The current novel, The Numberless Stars, may be doomed in today’s market. (The story of my life.) I seem to be writing a female POV picaresque fantasy novel, and I don’t believe there’s any tolerance for that sort of thing in today’s instant gratification climate.
Of course, at this stage of the game the novel sucks (it’s a barely there first draft), so perhaps it isn’t a valid test of the viability of the picaresque, fantasy or otherwise. It’s too twee, too infodumpy, too lacking in immediate and identifiable conflict. Maybe the fault, dear Brutus, is not with the genre but with myself, my execution of said genre. A story which wanders hither and yon and uses satire to point out a society’s flaws may indeed have some place in today’s world, but a wandering story which doesn’t engage the reader in some fashion early on is just a badly written novel.
Lord knows my first drafts take way too long to get to the point. I spend enormous amounts of time getting the feel of the characters just so and have an unfortunate tendency to throw it all on the page. My rewrites consist of paring down and refining, taking out gallons of character and tangential lard and boiling it down to make candles.

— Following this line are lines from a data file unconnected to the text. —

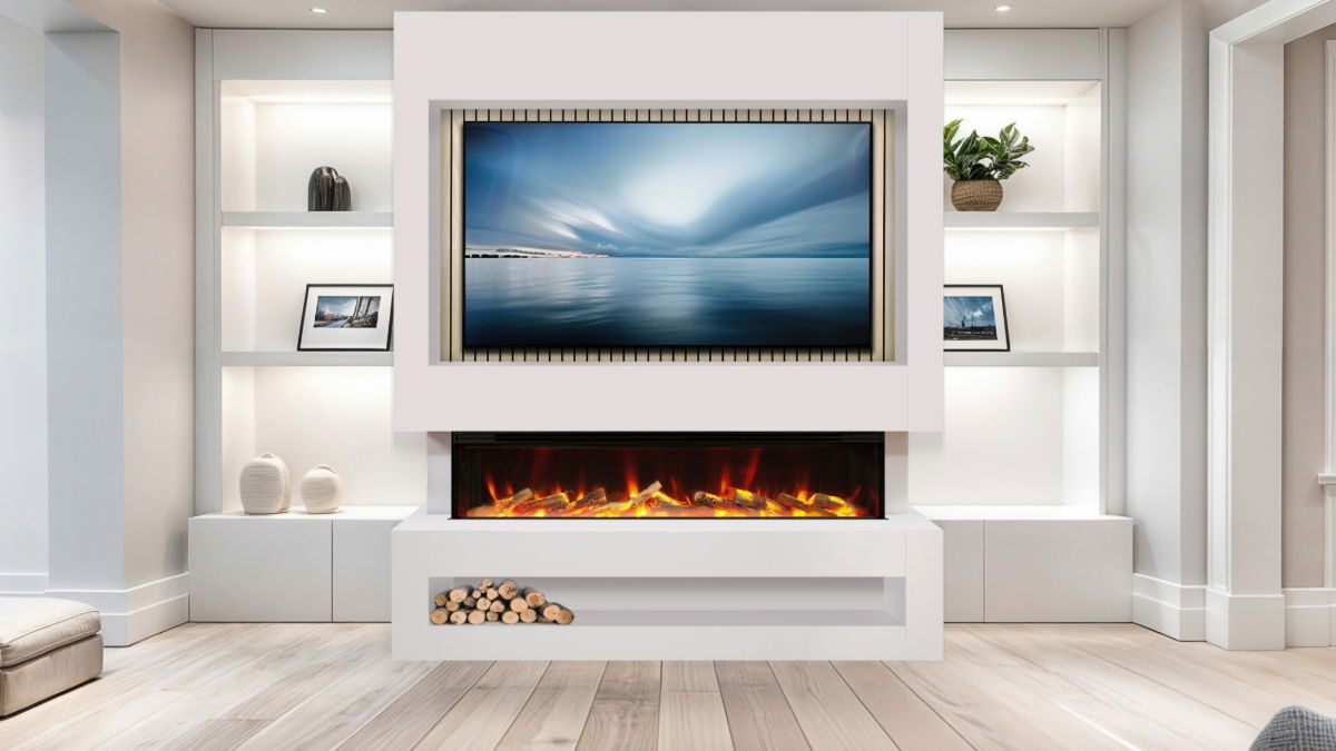Our package content includes Media Wall and E-VR s1600 Smart Electric Fire. Simple to install with three easy-to-assemble parts.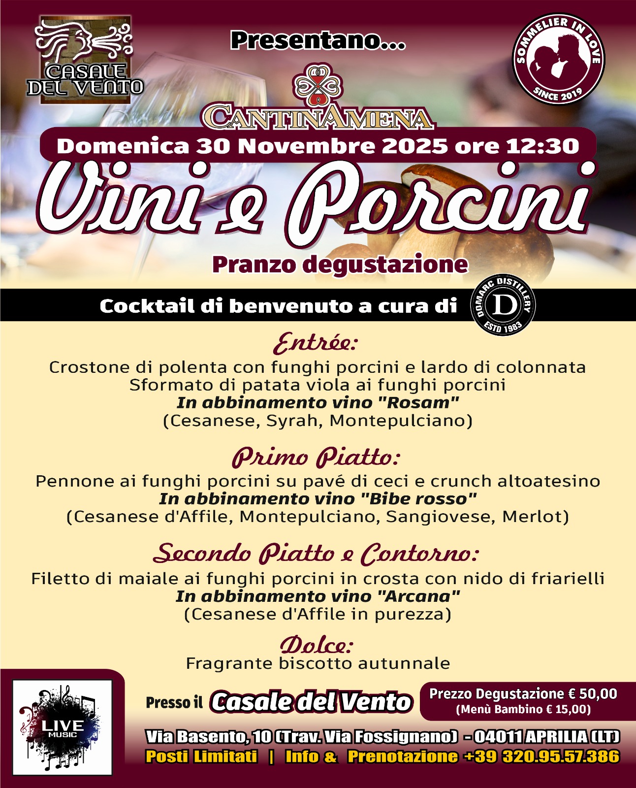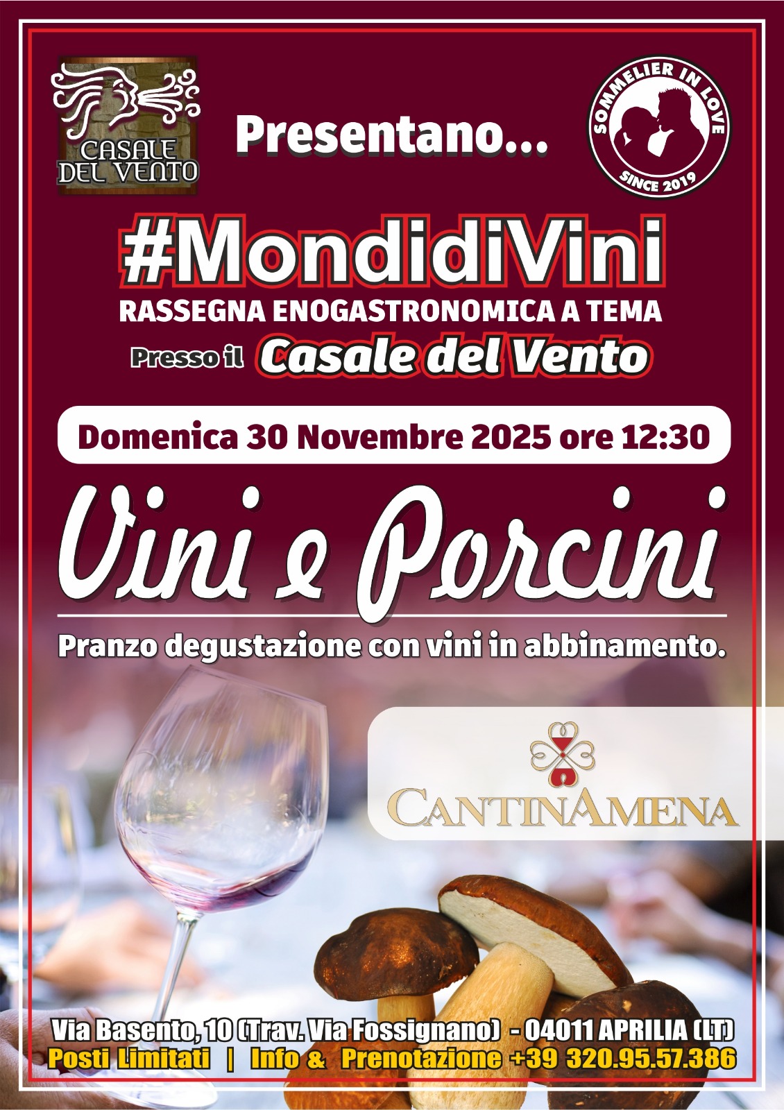 Sta arrivando un nuovo appuntamento della rassegna enogastronomica MondidiVini al Casale del Vento di Aprilia. È l'ora di "Vini e Porcini": l'appuntamento stavolta è a pranzo!Domenica 30 Novembre dal...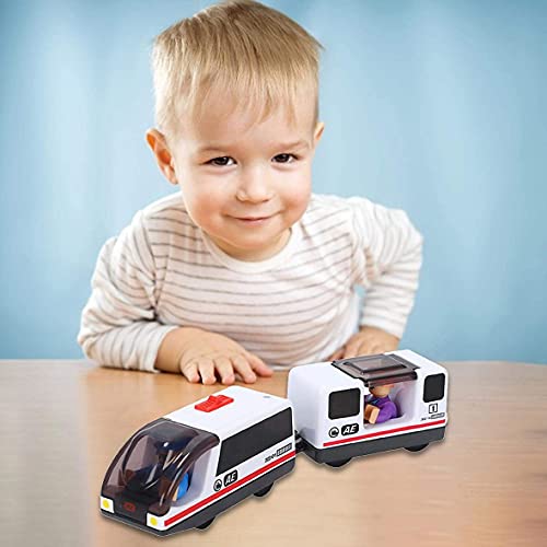 AOOPOO Treno Locomotiva a Batteria (connessione Magnetica) - Set di trenini da Viaggio potenti per Treni e binari in Legno Brio - Set di trenini Giocattolo per Bambini (Bianca)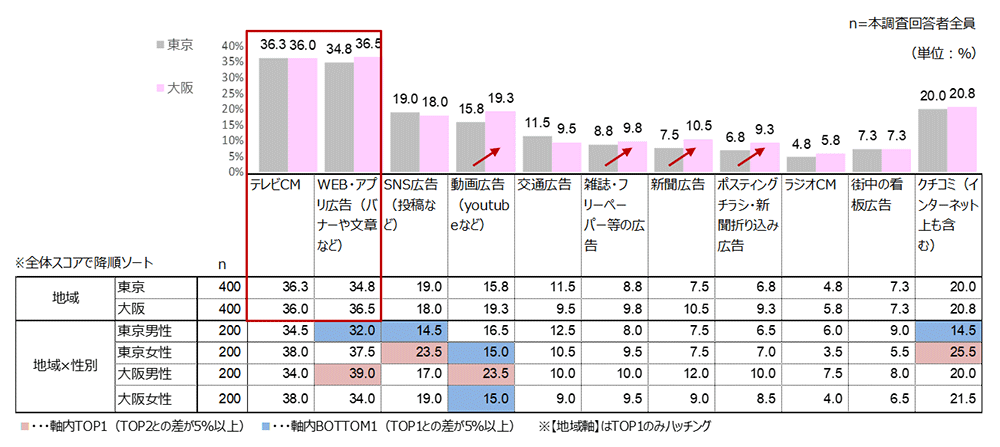 - 大阪は東京に比べて広告の接触をきっかけに商品を購入する人が多い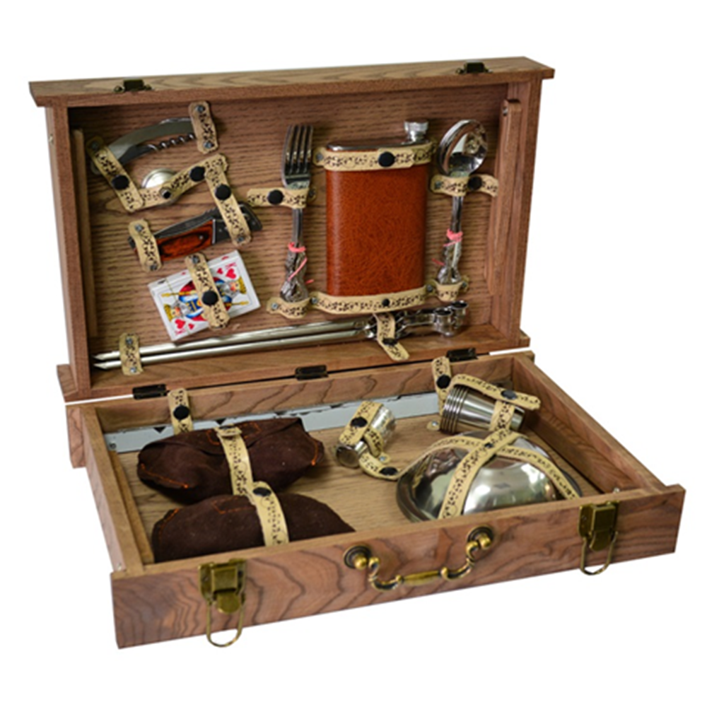 | Комплектация: | шампура - 5 шт, нож складной - 1 шт, вилка - 5 шт, штопор - 1 шт, ложка - 5 шт, воронка - 1 шт, фляжка - 1шт, мангал - 1 шт, карты игральные - 1 шт, шахматы, комплект - 1 шт, шашки, комплект - 1 шт, тарелки - 5 шт, стопка - 5 шт, стакан - 5 шт |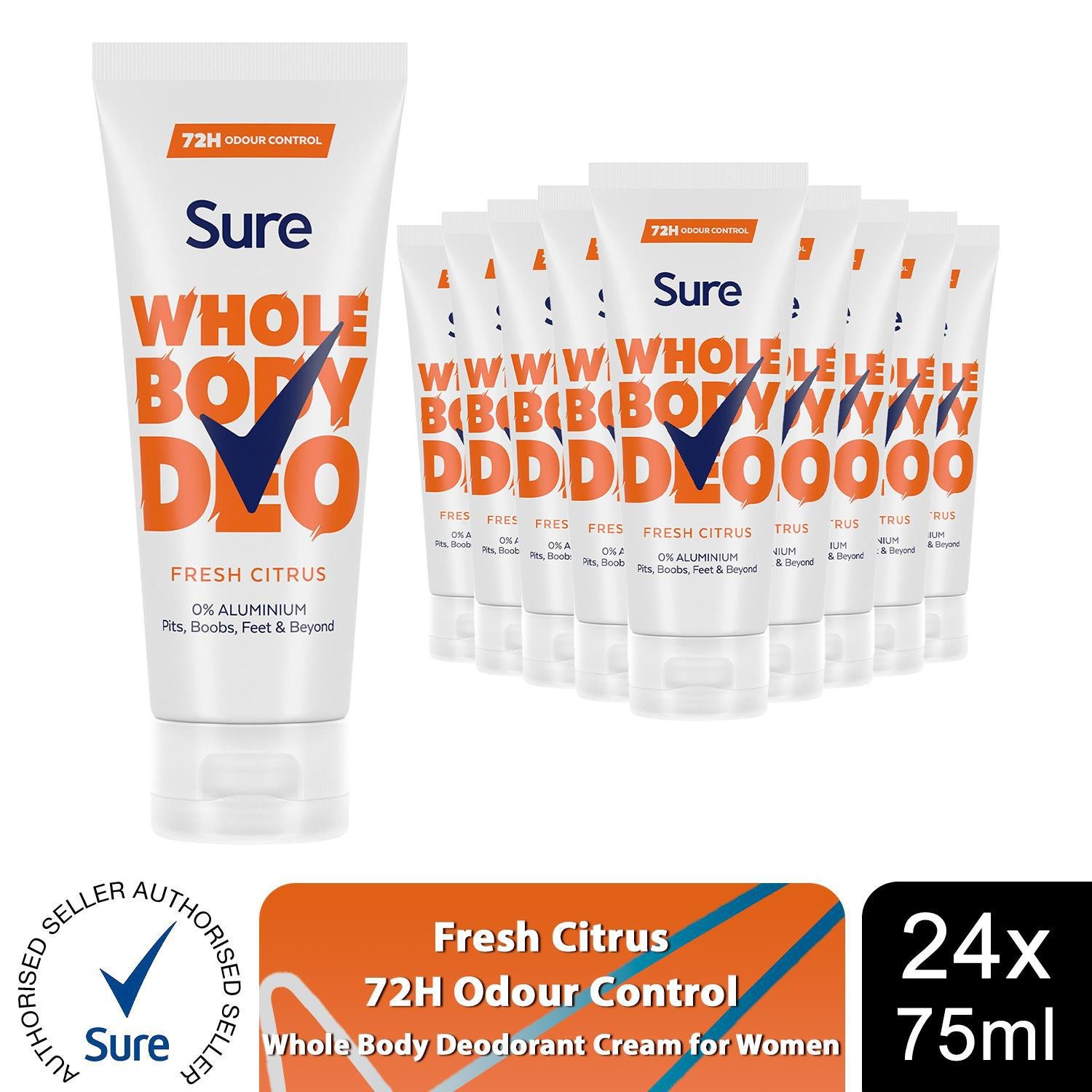 Sure Fresh Citrus Whole Body Deodorant Cream Aluminium Free 75ml, 24 Pack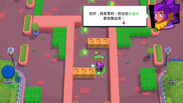 1、操控角色收集绿色能量块,积累资源,提升角色能力。

And that’s for the novels that aren’t picaresque. God save me if I actually write a novel where wandering around and having episodic adventures and living by one’s wit is built into the genre.
Because even if the conflict is there on the first page, it’s rather broad and cyclical:
Hortensia versus the Western Society of her time.
Hortensia versus her family.
Hortensia versus deity, leading to transformation.
Then cycling back to:
Hortensia versus her family, and finally,
Hortensia versus the Western Society of her time.
God help us all.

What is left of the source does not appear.